_PROBLEM_
For this exercise, please return exactly the line containing "Размер подушки: 11" and each line after it through the end of the records, with no pictures included.

● ● ● ● ● ● ●

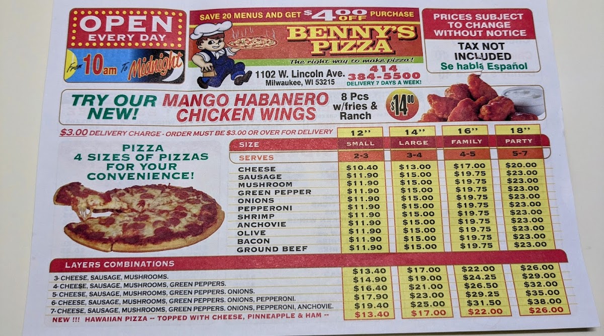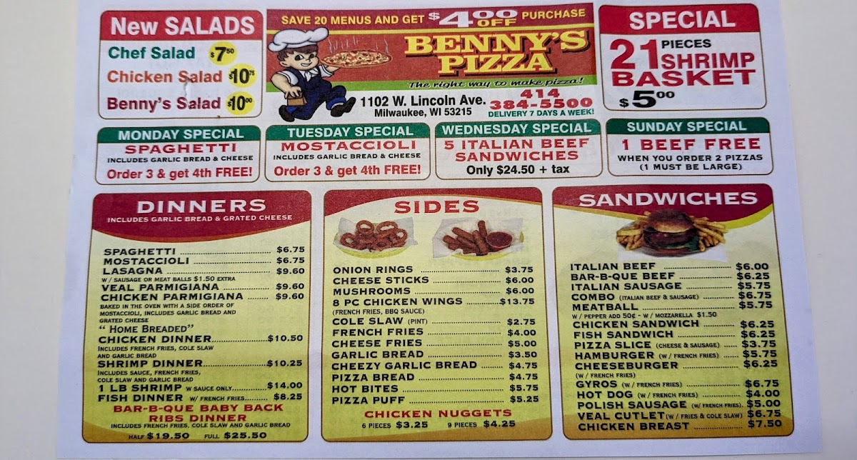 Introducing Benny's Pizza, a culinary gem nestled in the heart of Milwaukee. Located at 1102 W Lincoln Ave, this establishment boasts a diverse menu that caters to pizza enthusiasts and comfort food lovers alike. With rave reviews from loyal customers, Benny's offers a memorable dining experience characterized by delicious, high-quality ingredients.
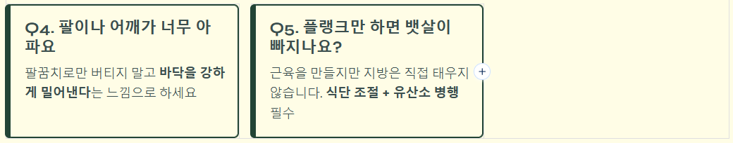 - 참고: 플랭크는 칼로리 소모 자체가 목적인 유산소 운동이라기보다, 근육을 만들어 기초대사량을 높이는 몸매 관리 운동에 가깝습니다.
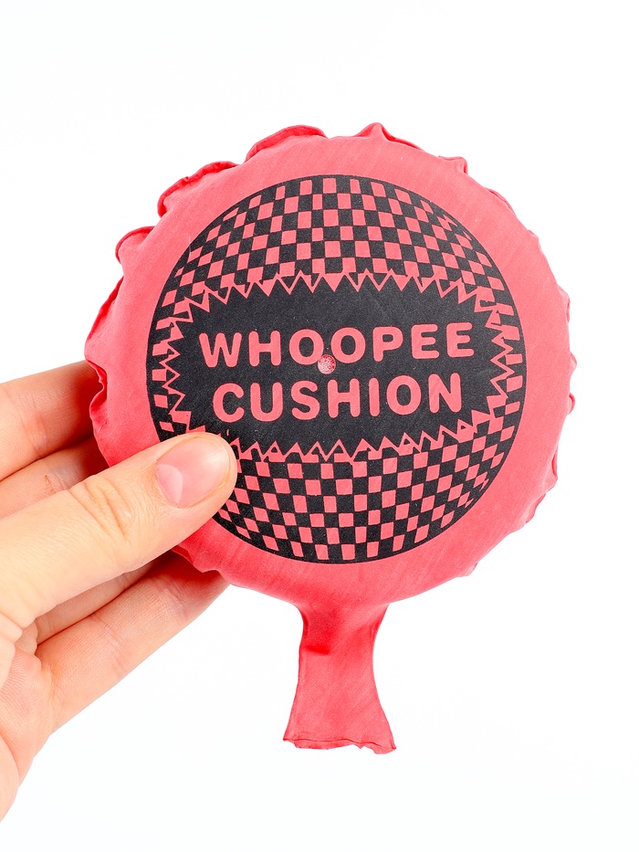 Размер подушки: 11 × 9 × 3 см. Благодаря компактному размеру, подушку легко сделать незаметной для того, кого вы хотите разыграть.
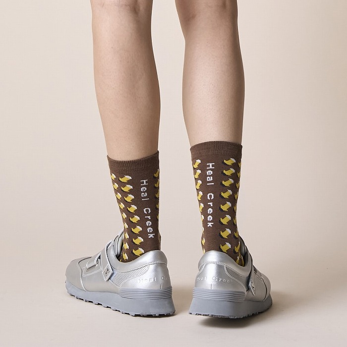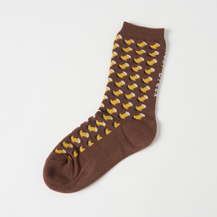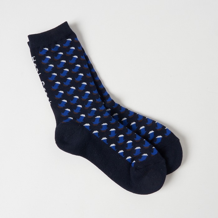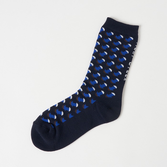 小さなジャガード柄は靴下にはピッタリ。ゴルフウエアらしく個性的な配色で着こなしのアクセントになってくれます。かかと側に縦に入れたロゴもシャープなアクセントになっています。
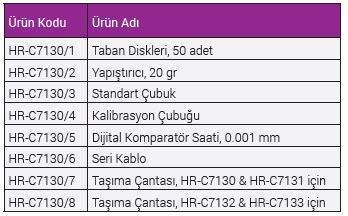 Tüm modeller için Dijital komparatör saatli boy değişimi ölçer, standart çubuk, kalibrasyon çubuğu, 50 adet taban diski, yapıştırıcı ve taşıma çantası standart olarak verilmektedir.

● ● ● ● ● ● ●

_EXERCISE ANSWER_
 Размер подушки: 11 × 9 × 3 см. Благодаря компактному размеру, подушку легко сделать незаметной для того, кого вы хотите разыграть.
 小さなジャガード柄は靴下にはピッタリ。ゴルフウエアらしく個性的な配色で着こなしのアクセントになってくれます。かかと側に縦に入れたロゴもシャープなアクセントになっています。
 Tüm modeller için Dijital komparatör saatli boy değişimi ölçer, standart çubuk, kalibrasyon çubuğu, 50 adet taban diski, yapıştırıcı ve taşıma çantası standart olarak verilmektedir.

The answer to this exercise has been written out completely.